Fecha: 20 de Febrero de 2018

Tribunal: AP - Valencia

Ponente: RIUS ALARCO, CAROLINA

Nº de sentencia: 104/2018

Núm. Cendoj: 46250370032018100007

Núm. Ecli: ES:APV:2018:368

Núm. Roj: SAP V 368/2018


Encabezamiento


AUDIENCIA PROVINCIAL DE VALENCIA
SECCIÓN TERCERA
ROLLO 142/2.017
NIG 46250-43-1-2015-0073017
DIMANANTE DEL P.A. 81/2.016 DEL JUZGADO DE INSTRUCCIÓN 1 DE LLIRIA
SENTENCIA Nº 104/2018:
ILUSTRÍSIMOS SEÑORES:
PRESIDENTE Don Carlos Climent Durán
MAGISTRADA Doña Carolina Rius Alarcó
MAGISTRADO Don Lamberto J. Rodríguez Martínez
En la ciudad de Valencia, a veinte de febrero del año dos mil dieciocho.
La Sección Tercera de la Audiencia Provincial de Valencia, integrada por los Ilmos. Señores del margen,
ha visto en juicio oral y público la causa instruida con el número 81 del año 2016 por el Juzgado de Instrucción
número 1 de los de la ciudad de Lliria, por supuestos delitos de apropiación indebida y de estafa, seguida
contra Carlos Daniel , con D.N.I. NUM000 , mayor de edad, cuyas demás circunstancias personales
constan en autos, sin antecedentes penales, y en situación de libertad provisional por esta causa, y contra
la mercantil Rescates Jiennenses, S.L., en la que son parte el Ministerio Fiscal, representado por el Ilmo.
Sr. Don Jorge Boguñá Pacheco; como acusación particular, la mercantil Exim Maquinaria, S.L., representada
por la Procuradora Doña Laura Espuny Sanchis, y defendida por el Letrado Don Ignacio Navarro Giménez, y
los reseñados acusados, representados por la Procuradora Doña Eva María Tello Calvo, y defendidos por la
Letrada Doña Amelia Pulido Pasadas; y siendo ponente la Ilma. Sra. Magistrada Doña Carolina Rius Alarcó,
quien expresa el parecer del Tribunal.

Antecedentes

1.- En sesiones que tuvieron lugar los días 1 y 16 del corriente mes de febrero de este año 2018 se celebró ante este Tribunal el acto solemne del juicio oral y público de la presente causa, practicándose en el mismo las pruebas propuestas por las partes que fueron admitidas y no renunciadas posteriormente, consistentes en el interrogatorio del acusado, testifical y documental.
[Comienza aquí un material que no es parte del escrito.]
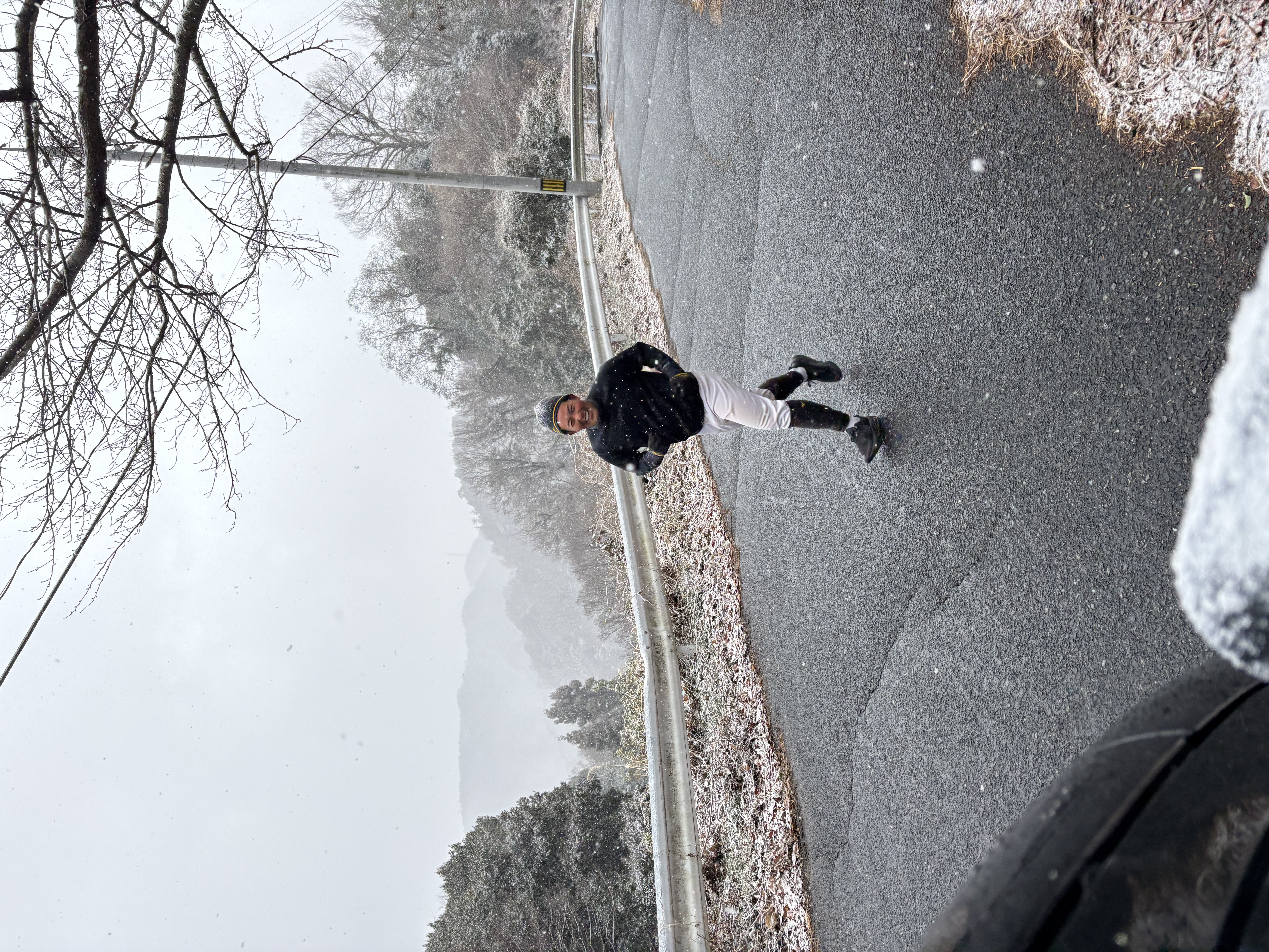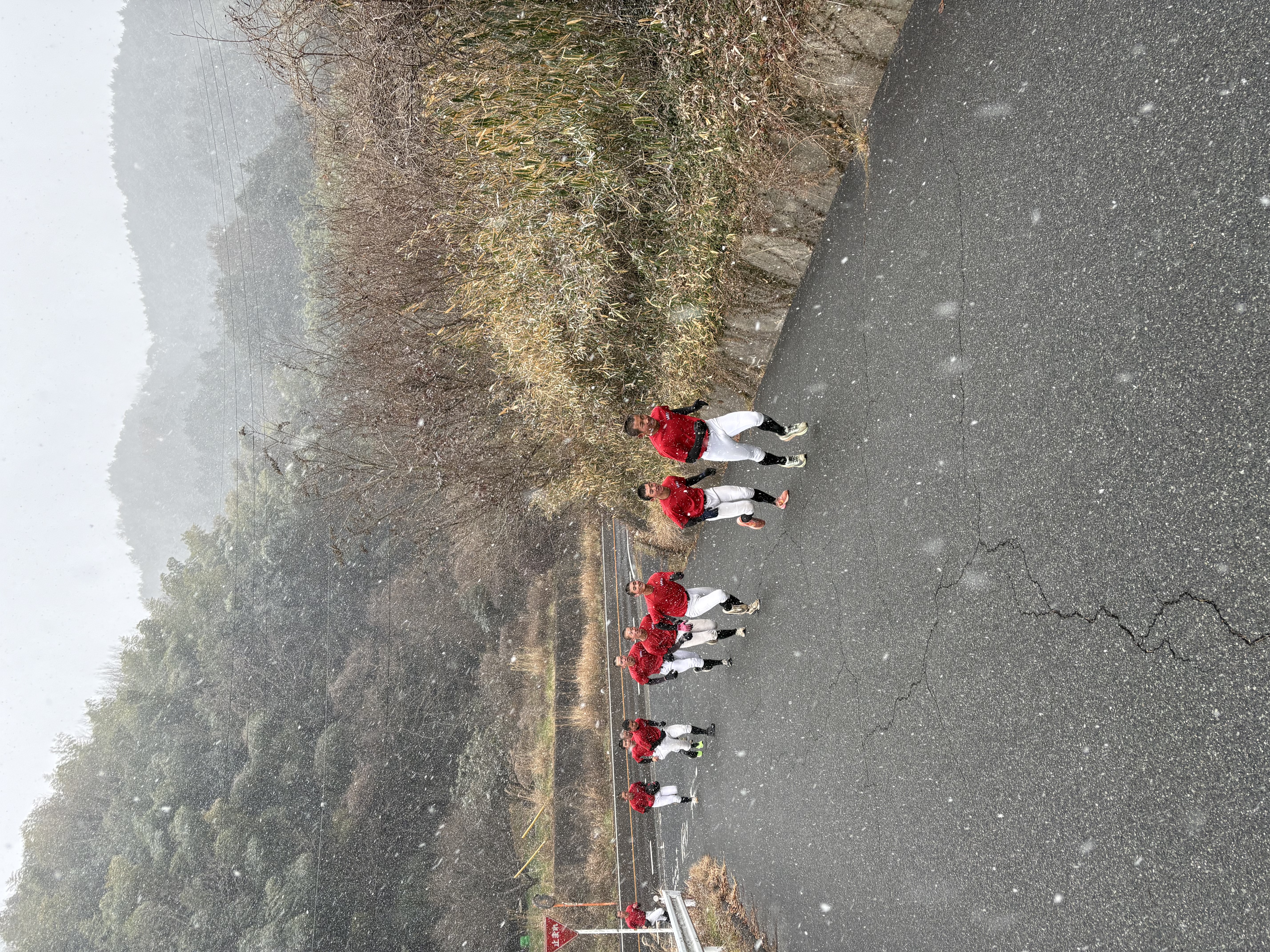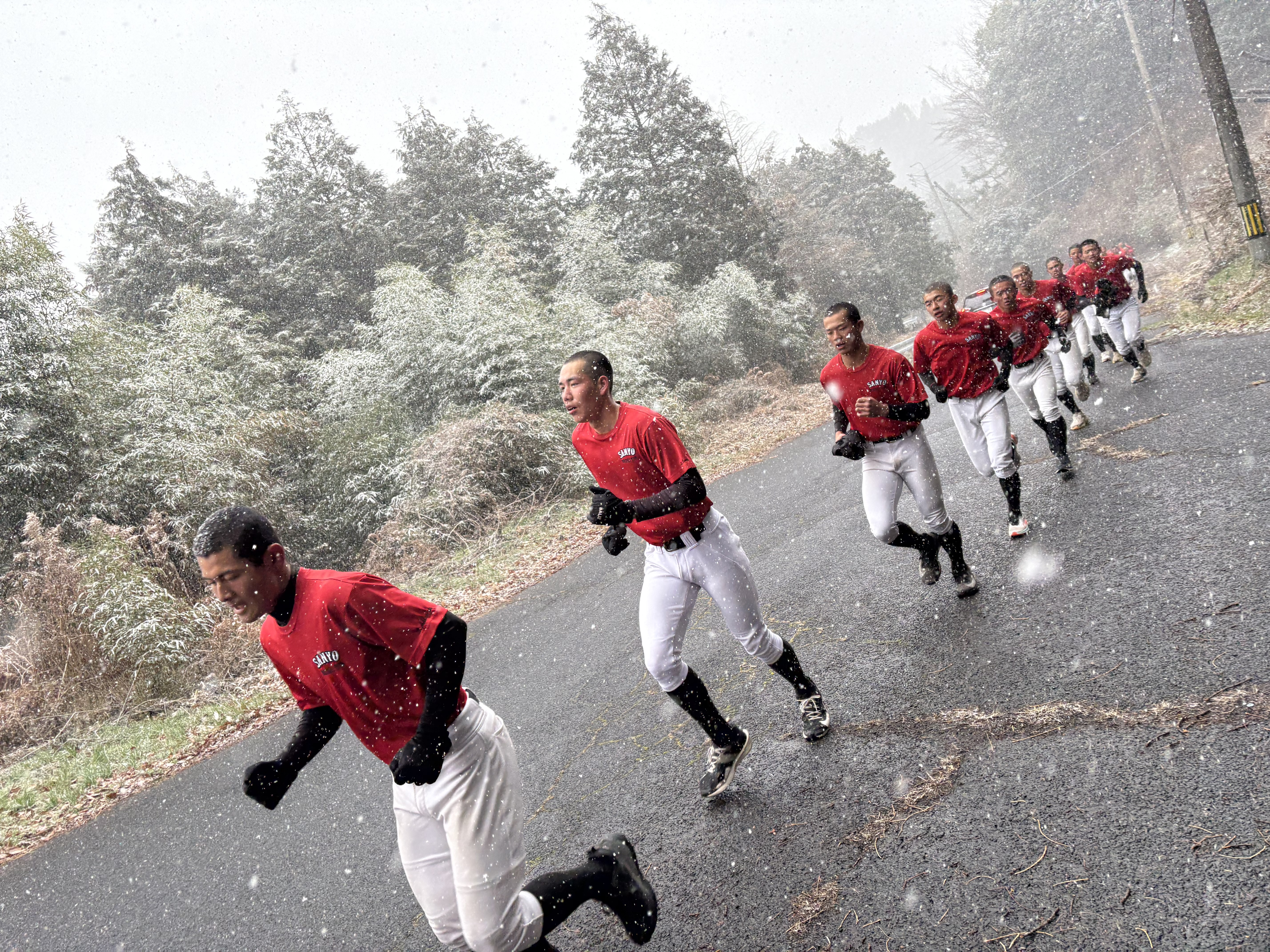 OBとの交流の後、気温がどんどん下がり日本海側では大雪。瀬戸内のグラウンドにも雪が降り出しました。とても野球の練習する状態ではありません。一年に一回あるかないかの伝説のメニュー“山”が発動されました。遥照山を登ります。片道7キロですが、きつい!帰りは膝がガクガク🤭 小寺・中山コーチは、山の後のメニューを提案してきました。無理無理…山の後、何もしたくないやろと一蹴。小寺コーチが“山”に参戦。山頂からは、中山コーチの車で戻ってました。グラウンドに戻ってきてから、練習する?と聞くと「無理ッス😅 高校生すげ〜わ」と言ってました。

2.- En dicho acto del juicio, y tras la práctica de la prueba, el Ministerio Fiscal elevó a definitivas sus conclusiones provisionales, alegando que los hechos no eran legalmente constitutivos de delito alguno, y que procedía decretar la libre absolución del acusado, con declaración de las costas de oficio.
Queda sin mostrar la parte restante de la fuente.